At first thought, a simple solution would be to use the signal driving the loudspeaker, and subtract this at an appropriate amplitude from the microphone output signal. However this approach assumes the microphone detects exactly the same signals as that output by the loudspeaker. Fine if you're environment happens to resemble an anechoic chamber, but problematic elsewhere.

Figure 1 - An initial proposal.

Instead, what is needed is a means of adjusting the microphone output signal, in relation to the acoustic echoes. However by considering the acoustic response of a simple room, one can soon realise the complexity of the problem. Considering a room as a system, with an input signal of speech, and an output signal consisting of acoustic echoes, we can think of the room as having an impulse response. Simply by drawing the curtains, or closing the door in the room, the impulse response is significantly altered.

Figure 2 - Car cabin responses with just one person. Above, with two hands on the wheel. Below, with one hand raised.

To complicate the problem even further, the fact that many different echo paths exist in a room results in a single impulse producing several thousand impulse responses.

Figure 3 - The impulse response of an acoustic environment due to many echo paths

Now as hands-free telecommunication imposes no restriction upon the location and direction of one's voice, the hands-free system is tremendously complicated by having an unknown and ever-changing location of the source signal. Town driving involves much head movement, and many objects can be placed within a car, illustrating that the acoustic characteristics can never be taken as constant. As if this wasn't enough, the acoustic characteristics of a room are also dependent upon the amplitude and frequency of the source signal, speech being highly variable in both aspects. Thus not only do we need acoustic-echo cancellation, we need it to be rapidly adaptive to an ever-changing acoustic environment, and signal source.

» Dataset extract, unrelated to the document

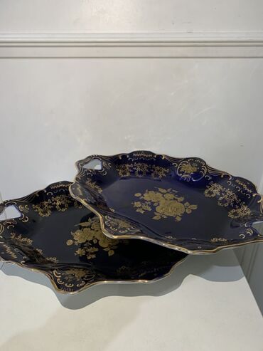 - Kobalt mavi porselendan 2 ədəd bəzəkli sini/daşınma boşqabı. Dalğalı kənar, qızılı güllü ornament və inteqrə tutacaqlar.
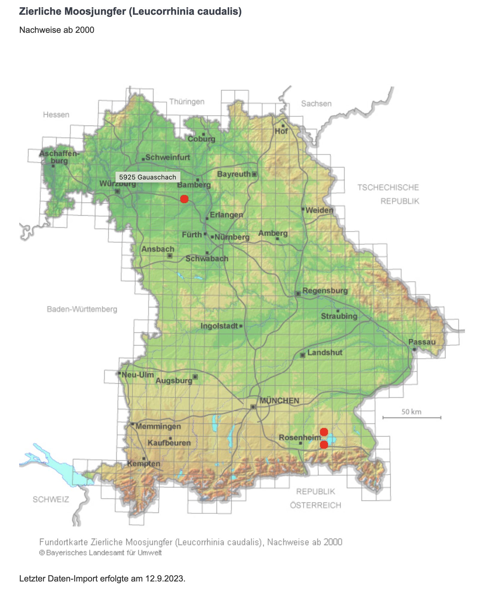 Die Zierliche Moosjungfer ist bayernweit akut vom Aussterben bedroht. Ihre bevorzugten Lebensräume sind häufig schwer zugänglich, die Art wird daher leicht übersehen.

Current hands-free technology

Existing telephones featuring hands-free operation usually only offer half-duplex speech communication, avoiding the feedback problem by disabling the microphone while the local loudspeaker is active. Such a solution is far from ideal, as it is significantly affected by background noise. The switching between each telephone is performed using the amplitude of the microphone output signal, rather than by holding down a button as in CB radio. Thus the phone located in the loudest environment at any one time is transmitting speech, while the other is broadcasting speech. Switching is supposed to be controlled by the voices of the speaking parties, but the many sources of background noise fool the telephones into switching. Thus such gain switching is inadequate for use within an automotive environment.

Looking to the future

One can thus deduce that an electronic rather than physical means of removing any acoustic echoes is required. In order to perform such rapid dynamic environmental adaptation, use is made of complex mathematical algorithms, involving thousands of modelling coefficients. Considering that the adaptation must be performed in real-time, one can conceive that a significant amount of processing power is required to keep the modelling coefficients of the algorithm in match with that of the environment. Tests in research labs around the world have shown very promising results, using a range of algorithms, and with further refinement, one can soon expect to see the availability of true hands-free communication.

Source references

The hands-free telephone problem - An annotated bibliography Eberhard Hansler, Signal Processing 27 (1992) 259-271, 1992 Elsevier Science Publishers B.V.

Acoustic echo canceller for hands-free mobile radiotelephony Soren Holdt Jensen, Signal Processing VI : Theories and Applications, 1992 Elsevier Science Publishers B.V.

Enhancement of hands-free telecommunications P.Naylor, J.Alcazar, J.Boudy, Y.Grenier, Freetel project (Esprit III). ANN. TELECOMMUN., 49 no 7-8 1994.